> **Excerpted records**:

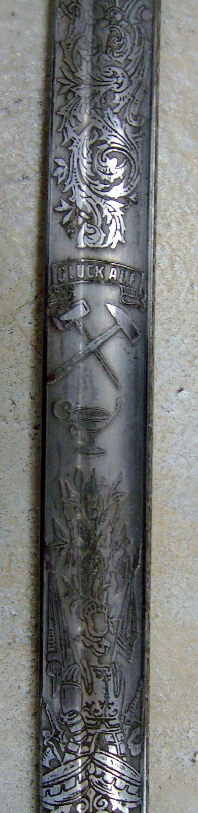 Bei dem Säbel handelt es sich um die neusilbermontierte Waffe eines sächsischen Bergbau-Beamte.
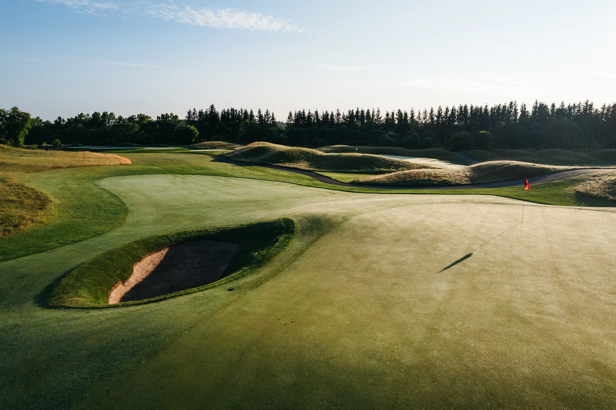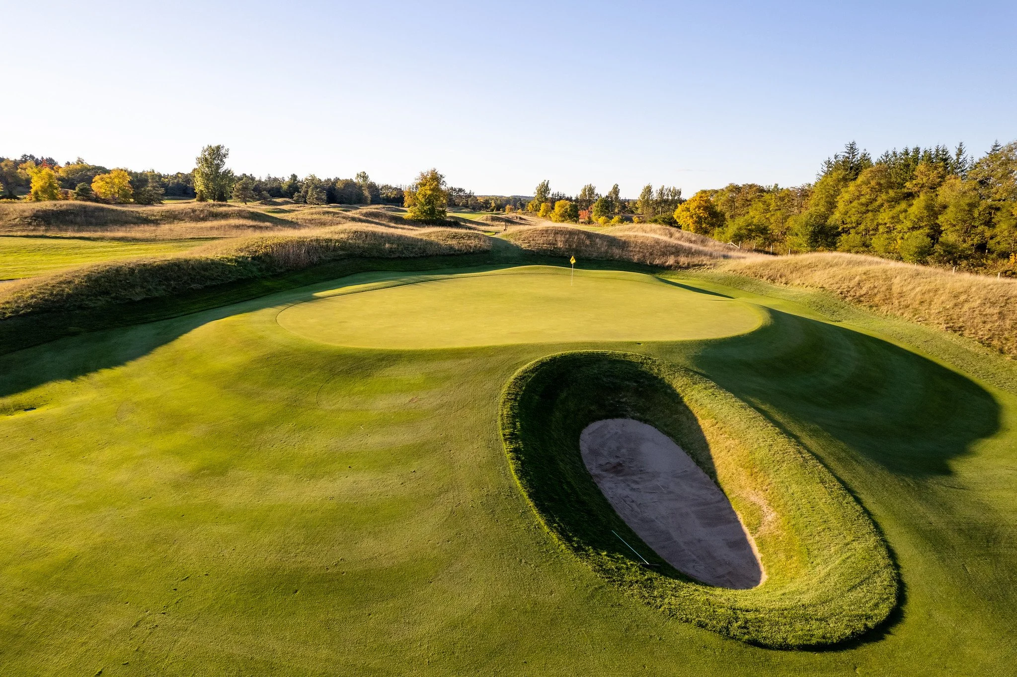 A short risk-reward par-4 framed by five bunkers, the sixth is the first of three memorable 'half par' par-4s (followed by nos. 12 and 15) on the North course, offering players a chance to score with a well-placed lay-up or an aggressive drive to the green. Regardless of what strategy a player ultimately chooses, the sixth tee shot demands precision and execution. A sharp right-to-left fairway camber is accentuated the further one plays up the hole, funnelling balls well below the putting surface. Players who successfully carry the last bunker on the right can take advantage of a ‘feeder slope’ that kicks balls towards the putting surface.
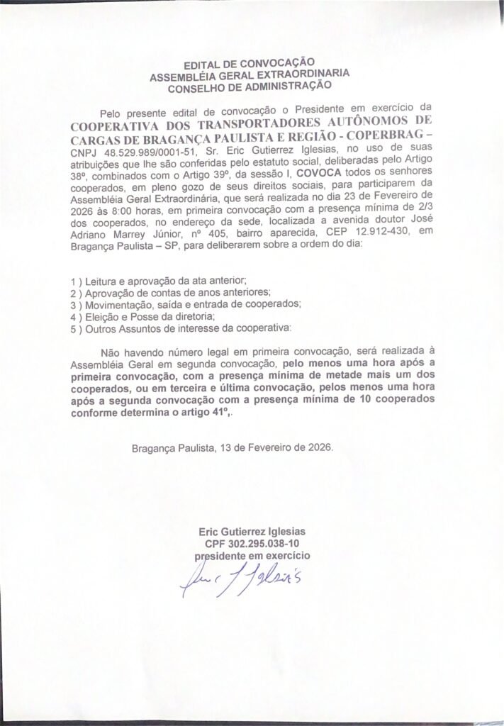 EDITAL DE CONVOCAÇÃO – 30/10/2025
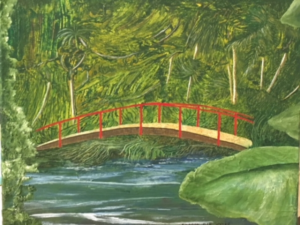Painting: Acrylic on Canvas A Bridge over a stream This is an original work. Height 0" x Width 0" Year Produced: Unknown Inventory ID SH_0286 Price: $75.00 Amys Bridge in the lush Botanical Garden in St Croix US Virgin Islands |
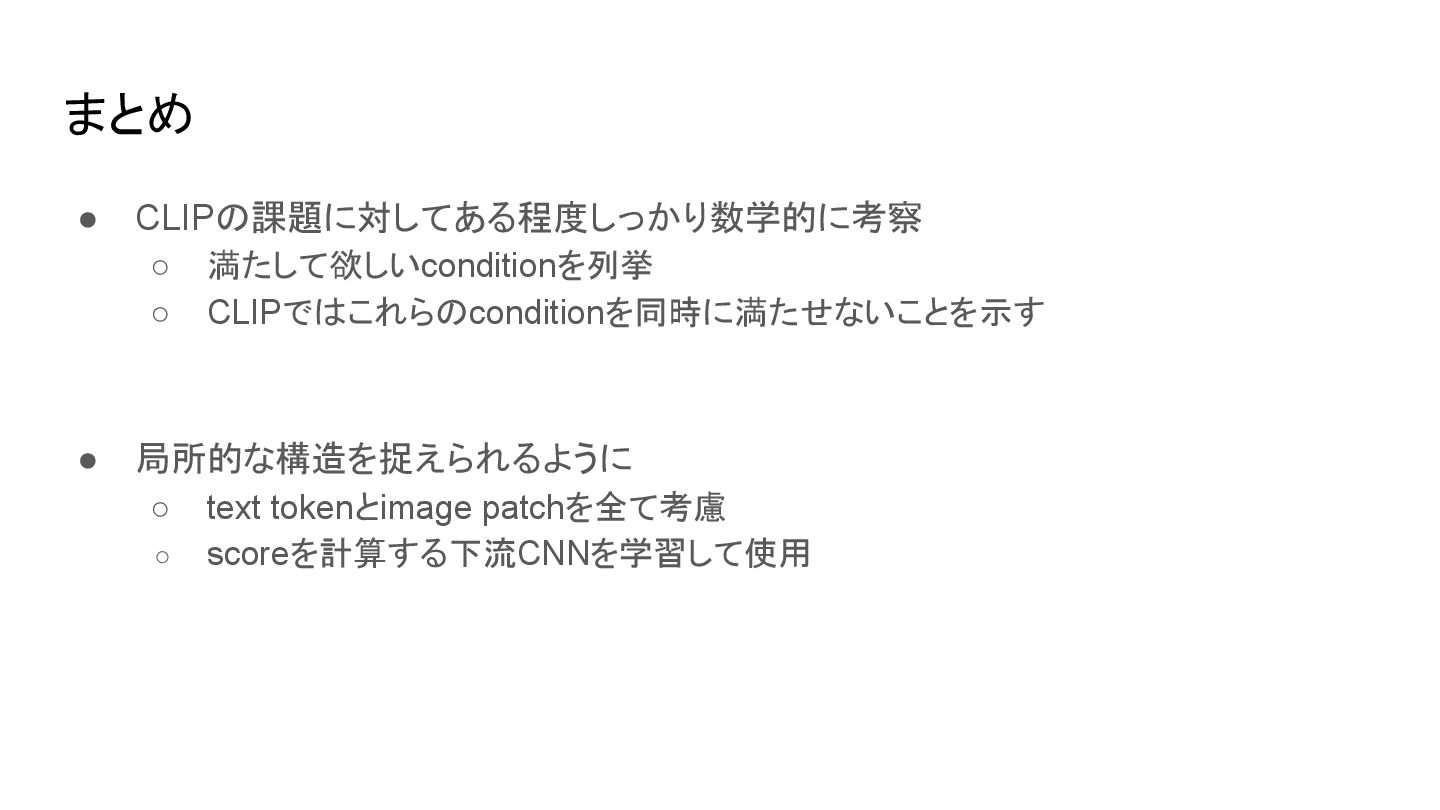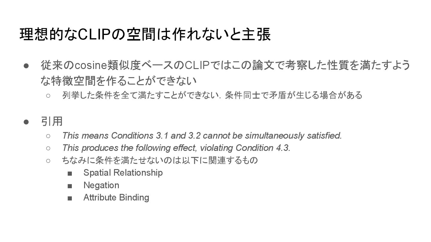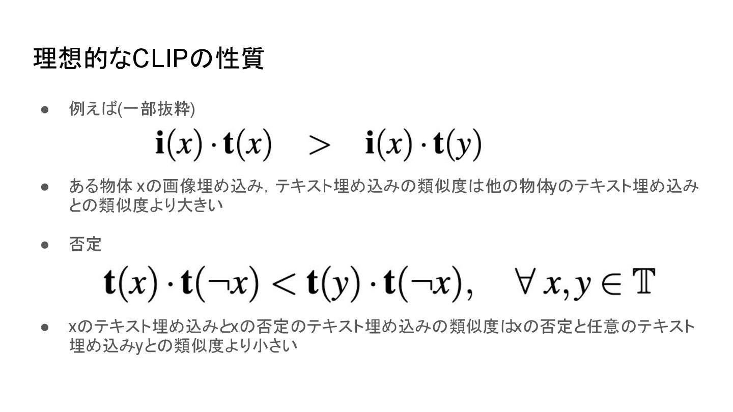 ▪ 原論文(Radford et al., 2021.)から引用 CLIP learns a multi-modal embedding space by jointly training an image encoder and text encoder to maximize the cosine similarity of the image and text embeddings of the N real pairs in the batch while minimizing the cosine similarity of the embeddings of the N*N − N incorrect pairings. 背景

==

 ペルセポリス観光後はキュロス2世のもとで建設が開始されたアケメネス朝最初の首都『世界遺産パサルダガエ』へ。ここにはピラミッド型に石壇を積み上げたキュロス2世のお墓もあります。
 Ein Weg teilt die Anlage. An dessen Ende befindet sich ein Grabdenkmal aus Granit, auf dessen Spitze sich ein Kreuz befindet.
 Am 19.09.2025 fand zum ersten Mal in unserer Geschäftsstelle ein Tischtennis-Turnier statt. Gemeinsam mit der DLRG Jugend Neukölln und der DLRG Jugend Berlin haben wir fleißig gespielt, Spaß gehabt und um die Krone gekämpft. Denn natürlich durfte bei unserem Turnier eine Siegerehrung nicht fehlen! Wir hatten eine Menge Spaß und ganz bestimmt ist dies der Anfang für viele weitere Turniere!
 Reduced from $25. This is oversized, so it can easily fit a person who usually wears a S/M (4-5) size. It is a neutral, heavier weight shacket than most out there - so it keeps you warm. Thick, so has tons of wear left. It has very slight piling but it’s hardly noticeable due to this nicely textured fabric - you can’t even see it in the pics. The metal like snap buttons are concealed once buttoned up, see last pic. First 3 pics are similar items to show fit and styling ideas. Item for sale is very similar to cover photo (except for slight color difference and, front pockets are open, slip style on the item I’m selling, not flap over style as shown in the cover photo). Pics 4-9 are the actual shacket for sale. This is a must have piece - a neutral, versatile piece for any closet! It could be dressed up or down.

> **Exercise description**: Would you copy, word for word, only the lines above from the one containing "Bei dem Säbel" through the one containing "incorrect pairings. 背景", both included, and please leave out the pictures?

> **Result**:
 Bei dem Säbel handelt es sich um die neusilbermontierte Waffe eines sächsischen Bergbau-Beamte.
 A short risk-reward par-4 framed by five bunkers, the sixth is the first of three memorable 'half par' par-4s (followed by nos. 12 and 15) on the North course, offering players a chance to score with a well-placed lay-up or an aggressive drive to the green. Regardless of what strategy a player ultimately chooses, the sixth tee shot demands precision and execution. A sharp right-to-left fairway camber is accentuated the further one plays up the hole, funnelling balls well below the putting surface. Players who successfully carry the last bunker on the right can take advantage of a ‘feeder slope’ that kicks balls towards the putting surface.
 EDITAL DE CONVOCAÇÃO – 30/10/2025
Painting: Acrylic on Canvas A Bridge over a stream This is an original work. Height 0" x Width 0" Year Produced: Unknown Inventory ID SH_0286 Price: $75.00 Amys Bridge in the lush Botanical Garden in St Croix US Virgin Islands |
 ▪ 原論文(Radford et al., 2021.)から引用 CLIP learns a multi-modal embedding space by jointly training an image encoder and text encoder to maximize the cosine similarity of the image and text embeddings of the N real pairs in the batch while minimizing the cosine similarity of the embeddings of the N*N − N incorrect pairings. 背景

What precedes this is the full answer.